Many in the international community cannot see beyond the veil. Not only that, India actively and strategically propagates this image of peace in the world through agents called ‘Research and Analysis’ agents to camouflage its gross human rights violations against minorities. This lie or ‘veil of peace’ is their very best defence against international criticisms and sanctions. It’s hard to see in your mind’s eye the most peaceful country in the world as the most violent–and yet it is!!!

To see ‘Beyond the Veil’ is the challenge when it comes to India.

The actual embodiment of this strategy of peace propagating could very well be prime minister Indira Gandhi. She has absolutely no relation to Mahatma Gandhi. Zero.

In fact she belongs to the ruling castes that Gandhi had begun to critisise for taking over government and industry before he was assassinated by a Brahmin radical. She was part of a minority ruling caste group that Gandhi believed had conflicting interests with lower castes. Yet she changed the spelling of her name to the lower caste, Hindu spelling. The big question is: Why?

Why? If it’s pronounced the same, why do you feel the need to change the spelling? Perhaps to create the illusion of being related to the Mahatma and of belonging to Hindus of a lower caste? Isn’t this somewhat disrespectful to her husband’s name? What’s the benefit? As far as I can see the benefit is ‘the veil’ and ‘the veil’ is powerful.

With Mahatma Gandhi’s name, even mass murder could seem like a last resort. With Mahatma Gandhi’s name you can seem to be looking out for the interests of lower castes when in fact your every move could be for the ruling castes. It’s a theory. A theory explored in the ‘All Indian Justice Committee’ and a book called ‘Nine Hours to Rama’, both books, I believe are BANNED in India.
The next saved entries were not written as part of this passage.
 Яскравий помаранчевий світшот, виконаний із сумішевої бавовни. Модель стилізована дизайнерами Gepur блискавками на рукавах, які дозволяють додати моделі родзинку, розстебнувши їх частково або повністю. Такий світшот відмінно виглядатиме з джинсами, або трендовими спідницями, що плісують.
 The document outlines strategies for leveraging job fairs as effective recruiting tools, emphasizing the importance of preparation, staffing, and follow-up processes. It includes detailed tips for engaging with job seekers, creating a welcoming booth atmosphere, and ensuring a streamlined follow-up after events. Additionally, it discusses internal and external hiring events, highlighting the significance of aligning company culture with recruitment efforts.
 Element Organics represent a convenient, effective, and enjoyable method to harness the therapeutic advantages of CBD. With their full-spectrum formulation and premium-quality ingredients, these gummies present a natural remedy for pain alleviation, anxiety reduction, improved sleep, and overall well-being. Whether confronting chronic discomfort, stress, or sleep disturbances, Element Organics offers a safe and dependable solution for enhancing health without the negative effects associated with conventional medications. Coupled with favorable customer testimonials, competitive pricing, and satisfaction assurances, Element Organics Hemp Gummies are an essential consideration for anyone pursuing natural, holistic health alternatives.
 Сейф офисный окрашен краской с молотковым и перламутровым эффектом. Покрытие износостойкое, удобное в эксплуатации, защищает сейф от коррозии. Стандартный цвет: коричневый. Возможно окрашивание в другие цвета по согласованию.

You can see the movie ‘Nine Hours to Rama’ in India but you can’t read the book. Why?

Let me tell you why—‘Nine Hours to Rama’ suggests Gandhi was assassinated to protect those ruling caste members who completely took over government when the British left. Brahmin radicals killed Gandhi because he was a threat to upper caste interests and their caste system. Read ‘Nine Hours to Rama’ for yourself and see. It’s a great read and makes one instantly think of all the conspiracies behind JFK’s assassination.
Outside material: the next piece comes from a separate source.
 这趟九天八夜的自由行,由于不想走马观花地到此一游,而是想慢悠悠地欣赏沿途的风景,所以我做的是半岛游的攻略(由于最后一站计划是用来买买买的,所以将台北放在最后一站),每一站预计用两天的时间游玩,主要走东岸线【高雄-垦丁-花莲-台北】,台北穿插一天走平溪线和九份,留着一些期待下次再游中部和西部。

‘Slumdog Millionaire’ was definitely an eye-opener that showed us the corruption of the Indian police and the evils of the caste system. However, I never thought it was related to Hindu terrorism. Has much changed and is it that bad?
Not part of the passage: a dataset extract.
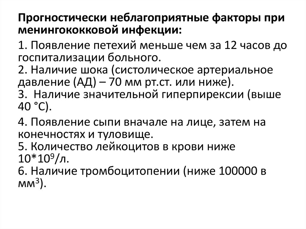 Прогностически неблагоприятные факторы применингококковой инфекции:

It is that bad, and nothing’s changed. Just look at all the documentaries and reports. And let’s not overlook Deepa Metha’s films. Deepa Metha has an extremely powerful voice and message. Deepa Metha’s movies often show the abuses of the ruling castes toward low castes and women. You see, the ruling castes who dominate the government use this facade of peace in a Machiavellian way to hide what is a centuries old hidden agenda and struggle to dominate all religions and bring them under their power structure.

It would actually be too long to get into now, but any religion in the past that rebelled against caste oppression and inequality was infiltrated and repurposed to fit and accept Brahmin caste apartheid.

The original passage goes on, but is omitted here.